On the day that the Swift Boat controversy reached a rabid apogee–that would be the day a Bush campaign lawyer resigned because of his ties to the Swifties, and Max Cleland made the stagy delivery of a protest letter to the Bush ranch–a woman named Elba Nieves stood at a town meeting in Philadelphia and told John Kerry that she had recently been laid off. The candidate proceeded to ask her a series of questions. She answered with quiet dignity. She had worked in a ribbon factory for four years. She said the company was having trouble keeping up with foreign competitors and was forced to close when it was refused a new bank loan. She was given no notice of termination, no severance package. Her shift–about 300 people–was simply called together at the end of a workday and dismissed. “They were changing the locks even before we left,” she added. The audience, composed mostly of trade unionists, gasped and groaned.
I called Nieves the next day to check the details of her story, and, as it happened, there were some complicating factors. First, she admitted that her question had been precooked–her union had asked her to come to the event and tell the story. Kerry turned to Nieves immediately; her question was the first. This, in itself, isn’t a terrible thing: George Bush constantly manages to “find” small-business people at his town meetings whose companies are booming because of his tax cuts. But Nieves went on to tell me that she recently had been called back to work at the ribbon factory and refused to return, on the advice of her union, because the company wouldn’t continue her health insurance. Hmm, I thought: If I were a coldhearted political operative, I could get some rich friends to finance a group of Nieves’ fellow employees–perhaps those who had returned to work without health insurance–call them Ribbon Workers for Truth and make this poor woman’s life a trial. (As it is, I’ve acted as a Not-So-Swift Columnist for Truth by revealing some of the more problematic details of her story.)

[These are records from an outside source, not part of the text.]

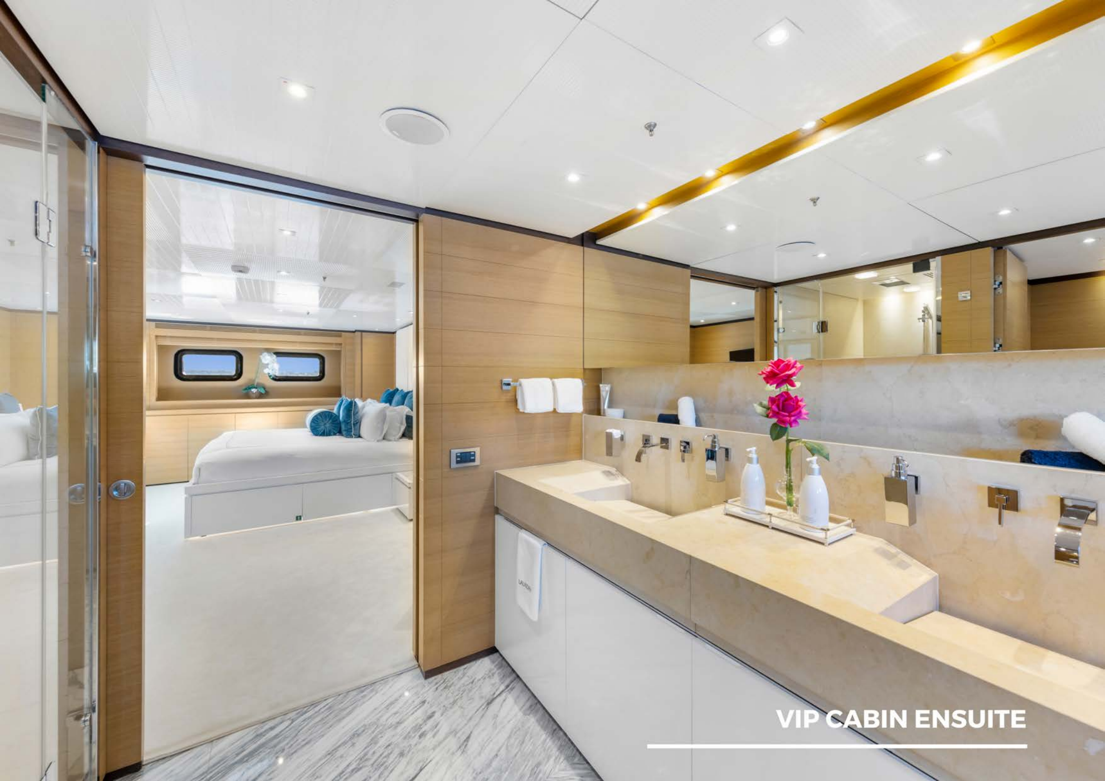
VIP CABIN ENSUITE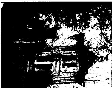
This P Street house is listed at $2,200,000.

have used this large side yard as a place to grow flowers.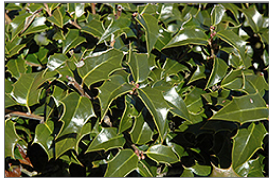
Dragon Lady Holly foliage

Ribbon Workers for Truth would be a nasty bit of business. It would purposely elide the most important fact–the larger truth–of Nieves’ story: that she was laid off, and in a particularly brutal way. As she left the factory on Aug. 4, she had no idea how she would support her three children. She still doesn’t know. And the uncertainty of her fate is a question with enormous political ramifications: What do we, as a nation, do about the downside of economic globalization? In fact, the real reason why Ribbon Workers for Truth would exist would be to divert attention from that question. The Ribbies would also turn Nieves’ refusal to return to work without a health plan into a “character” issue–and thus evade the essential ridiculousness of a health-insurance system that would usually provide Nieves care (through Medicaid) if she were on welfare but doesn’t if she is working a full-time job for an employer without a health plan.
But we’re not talking only about Elba Nieves here, are we? Now that the Swift Boat Veterans for Truth have turned out to be anything but–the only “lies” they’ve turned up are a mistaken date or a mild Kerry exaggeration about operating in Cambodia and a Purple Heart received for a minor wound–we are told their real gripe is that Kerry protested the war after he came home and sullied their service by testifying to atrocities committed by American troops in Vietnam. These are heartfelt gripes, perhaps, but wrong on the merits. Kerry’s protest was not only honorable, it was accurate. The war in Vietnam was an unnecessary disaster, entered into under false pretenses–the fabricated Gulf of Tonkin incident–and fought because of a mistaken intellectual theory: that the Vietnamese national liberation movement was part of an international communist conspiracy to overwhelm Asia. (The subsequent war between Vietnam and China put a crimp in that one.) And, yes, there were atrocities aplenty. I spent three years in the 1980s writing about a platoon of former Marines, men I consider heroes, and several unburdened themselves of awful memories before we were done: tossing a Vietnamese prisoner out of a helicopter, shooting an obviously innocent woman civilian in the back, collecting the ears of enemy dead. It was a meaningless, despicable war, and insane brutality was not an uncommon reaction.
But we’re not really talking about Vietnam here, are we? We are talking about the politics of misdirection, about keeping John Kerry on the defensive by raising spurious questions about his “character.” We may also be talking about Iraq–and limiting Kerry’s ability to question the President’s decision to go to war. If so, the Swifties need not have bothered. Kerry hasn’t shown much inclination to raise the real question about Iraq: Was it the right thing to do? And Bush hasn’t shown much inclination to talk about the mixed, confusing effects of globalization on people like Elba Nieves. Which means there are nondebates on the two most important issues facing the nation. Not-So-Swift Columnists for Truth is appalled.